Work instruction: The part below that opens with the line containing "Koncept dostavby je" and closes with the line containing "GSW serving pan" should be copied exactly, minus any pictures.

[Opening Material shown section]

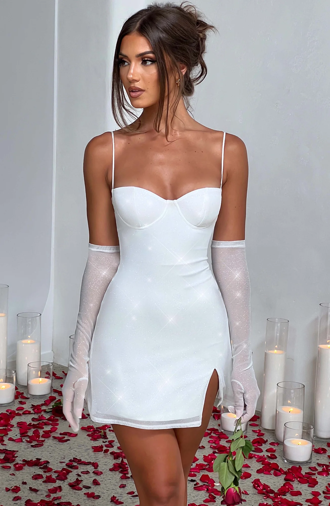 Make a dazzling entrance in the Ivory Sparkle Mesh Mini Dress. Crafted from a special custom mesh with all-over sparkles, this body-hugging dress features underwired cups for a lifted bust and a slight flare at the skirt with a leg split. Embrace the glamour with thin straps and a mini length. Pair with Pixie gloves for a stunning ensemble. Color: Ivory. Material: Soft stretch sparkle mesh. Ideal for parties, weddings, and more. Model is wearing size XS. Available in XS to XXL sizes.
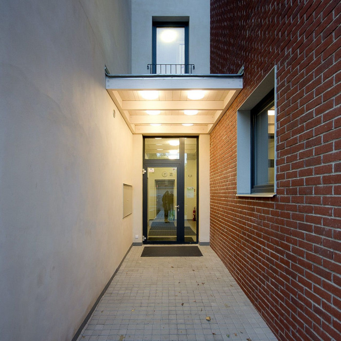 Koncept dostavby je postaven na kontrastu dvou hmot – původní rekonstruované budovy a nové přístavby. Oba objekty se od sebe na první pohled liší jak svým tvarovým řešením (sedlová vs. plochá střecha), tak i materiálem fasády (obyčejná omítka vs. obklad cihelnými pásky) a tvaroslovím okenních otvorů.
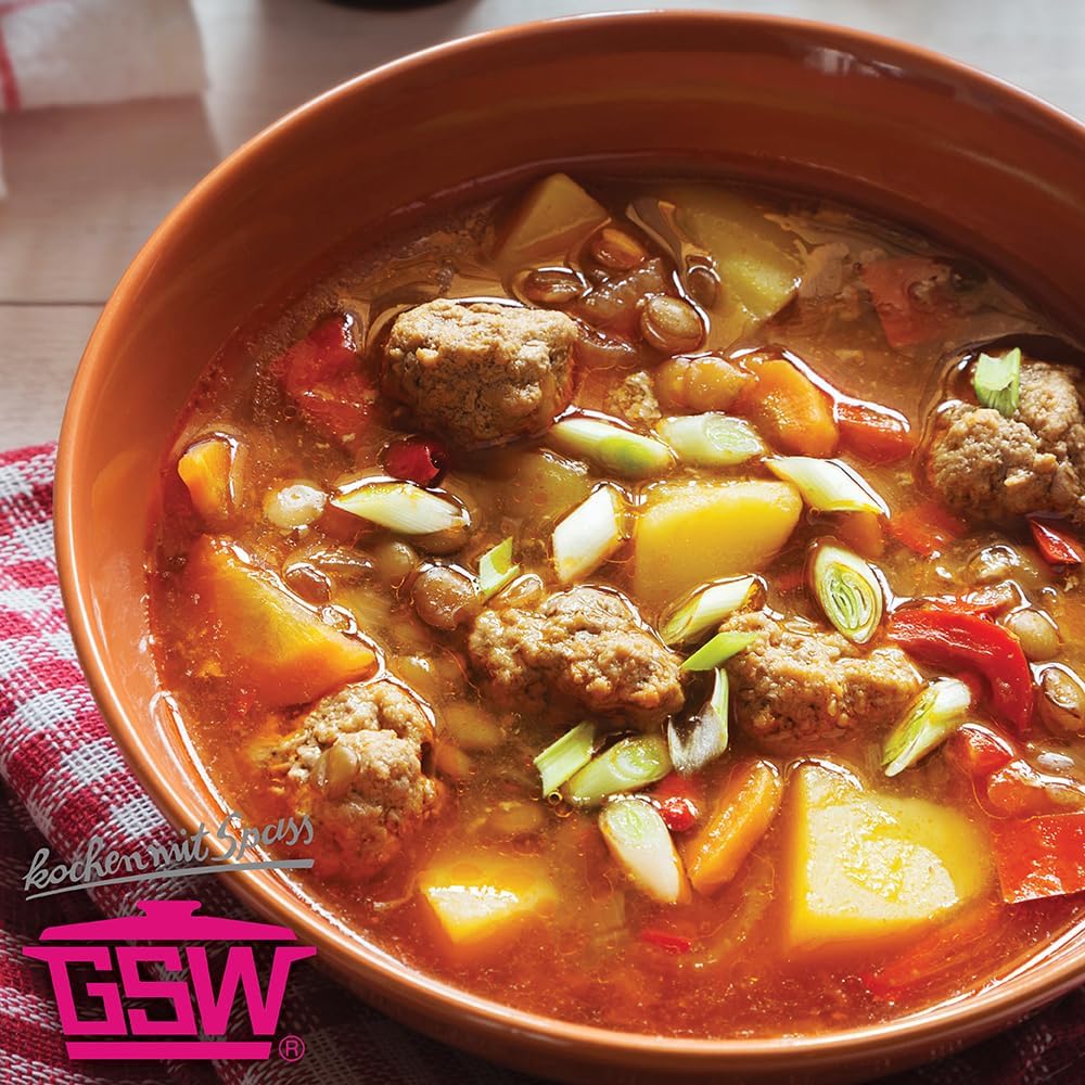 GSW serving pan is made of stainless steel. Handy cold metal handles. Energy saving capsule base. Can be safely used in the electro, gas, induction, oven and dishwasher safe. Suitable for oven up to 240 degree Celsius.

[Closing Material shown section]
[Opening Material shown section]

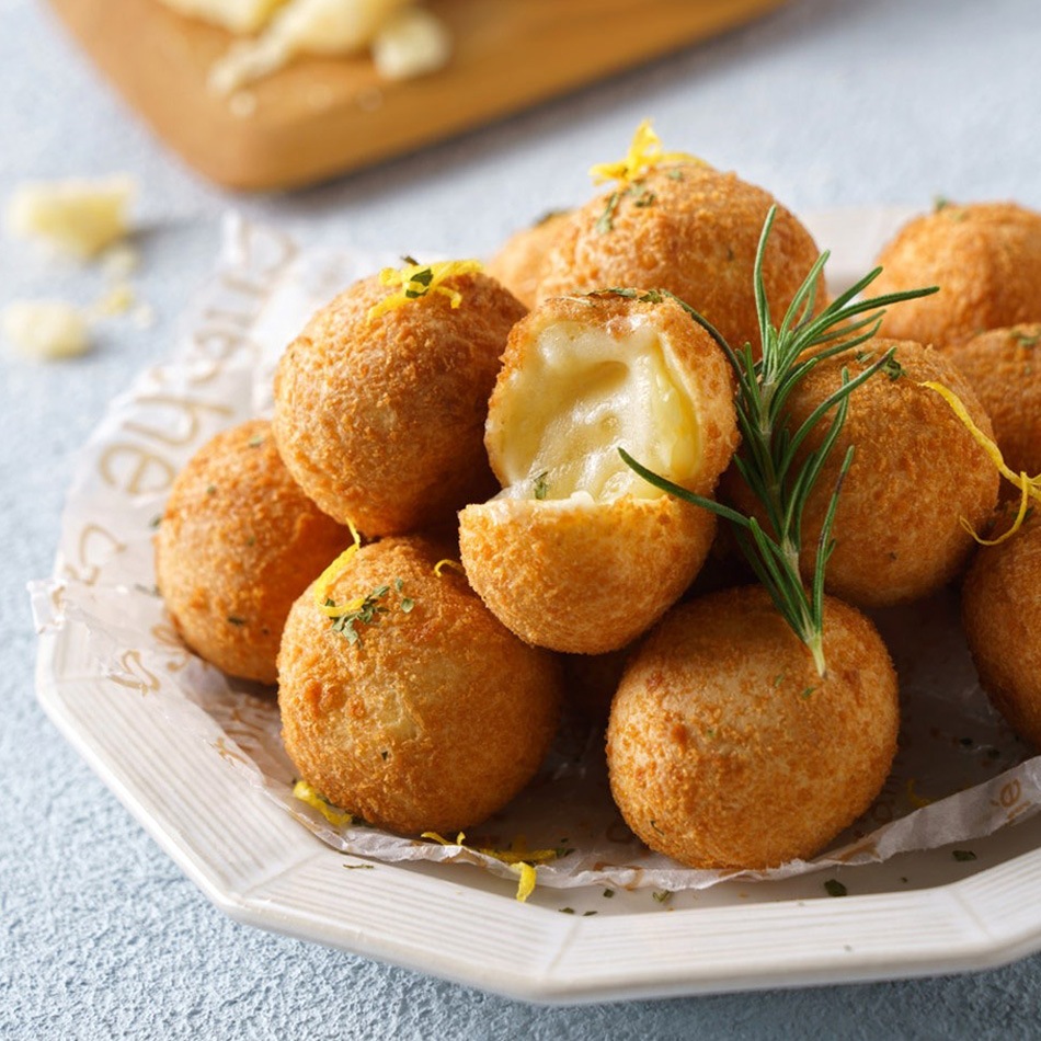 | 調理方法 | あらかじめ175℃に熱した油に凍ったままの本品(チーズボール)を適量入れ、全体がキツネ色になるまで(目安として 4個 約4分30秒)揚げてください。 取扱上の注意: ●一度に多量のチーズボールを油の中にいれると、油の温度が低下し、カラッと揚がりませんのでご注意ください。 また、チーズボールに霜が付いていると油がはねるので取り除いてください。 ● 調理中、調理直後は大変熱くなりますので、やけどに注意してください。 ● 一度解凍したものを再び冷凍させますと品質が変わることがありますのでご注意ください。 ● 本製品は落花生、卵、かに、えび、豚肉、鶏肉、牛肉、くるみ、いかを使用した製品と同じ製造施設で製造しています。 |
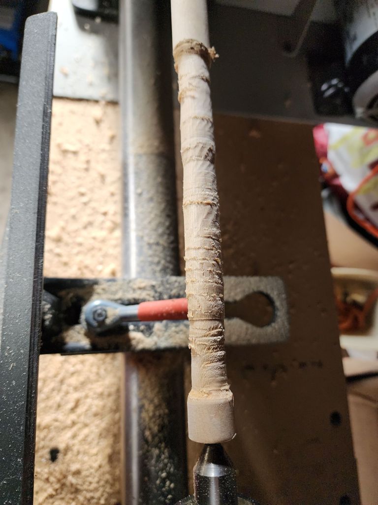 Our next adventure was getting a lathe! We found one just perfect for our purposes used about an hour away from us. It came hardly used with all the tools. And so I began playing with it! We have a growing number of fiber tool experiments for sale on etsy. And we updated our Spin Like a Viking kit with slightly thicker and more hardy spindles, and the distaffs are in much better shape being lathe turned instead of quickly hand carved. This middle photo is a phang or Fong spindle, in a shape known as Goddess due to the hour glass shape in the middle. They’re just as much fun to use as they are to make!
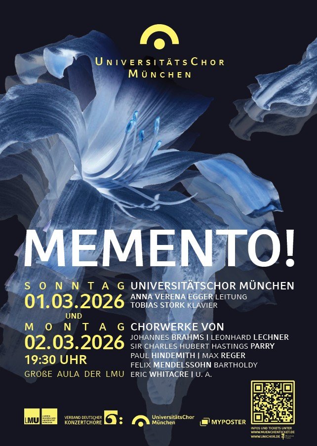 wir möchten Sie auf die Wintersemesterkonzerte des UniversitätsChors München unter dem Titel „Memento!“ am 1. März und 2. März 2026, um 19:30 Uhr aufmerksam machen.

[Closing Material shown section]
[Opening Material shown section]

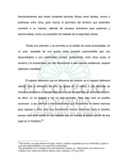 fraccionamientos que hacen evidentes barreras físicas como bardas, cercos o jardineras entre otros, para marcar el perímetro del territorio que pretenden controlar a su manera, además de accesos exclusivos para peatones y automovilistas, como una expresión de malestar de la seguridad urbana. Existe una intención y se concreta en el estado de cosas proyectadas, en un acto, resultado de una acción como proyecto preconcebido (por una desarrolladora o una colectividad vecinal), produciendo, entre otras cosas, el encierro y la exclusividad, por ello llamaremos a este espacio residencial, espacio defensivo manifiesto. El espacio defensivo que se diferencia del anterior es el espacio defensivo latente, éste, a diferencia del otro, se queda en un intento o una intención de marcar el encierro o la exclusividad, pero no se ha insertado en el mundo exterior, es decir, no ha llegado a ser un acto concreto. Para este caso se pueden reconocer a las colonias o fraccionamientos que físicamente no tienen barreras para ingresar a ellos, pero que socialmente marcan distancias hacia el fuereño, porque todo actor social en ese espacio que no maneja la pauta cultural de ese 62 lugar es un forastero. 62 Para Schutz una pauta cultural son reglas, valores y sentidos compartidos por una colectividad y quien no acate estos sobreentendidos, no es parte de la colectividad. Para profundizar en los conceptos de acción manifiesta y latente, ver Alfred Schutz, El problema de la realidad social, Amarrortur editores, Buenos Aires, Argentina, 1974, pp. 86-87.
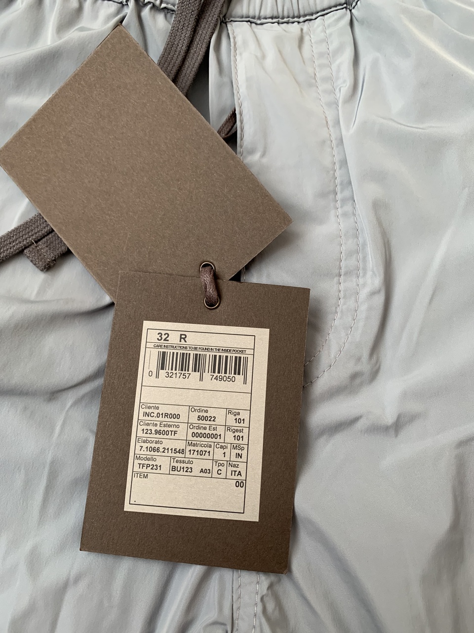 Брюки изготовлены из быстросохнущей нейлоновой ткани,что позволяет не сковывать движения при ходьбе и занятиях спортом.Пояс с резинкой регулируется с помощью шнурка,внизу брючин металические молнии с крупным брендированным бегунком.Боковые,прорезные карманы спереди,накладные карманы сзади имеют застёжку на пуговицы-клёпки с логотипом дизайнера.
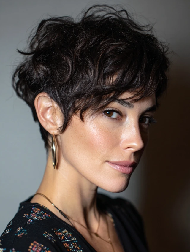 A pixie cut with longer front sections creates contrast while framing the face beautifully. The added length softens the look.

[Closing Material shown section]

Answer space:
 Koncept dostavby je postaven na kontrastu dvou hmot – původní rekonstruované budovy a nové přístavby. Oba objekty se od sebe na první pohled liší jak svým tvarovým řešením (sedlová vs. plochá střecha), tak i materiálem fasády (obyčejná omítka vs. obklad cihelnými pásky) a tvaroslovím okenních otvorů.
 GSW serving pan is made of stainless steel. Handy cold metal handles. Energy saving capsule base. Can be safely used in the electro, gas, induction, oven and dishwasher safe. Suitable for oven up to 240 degree Celsius.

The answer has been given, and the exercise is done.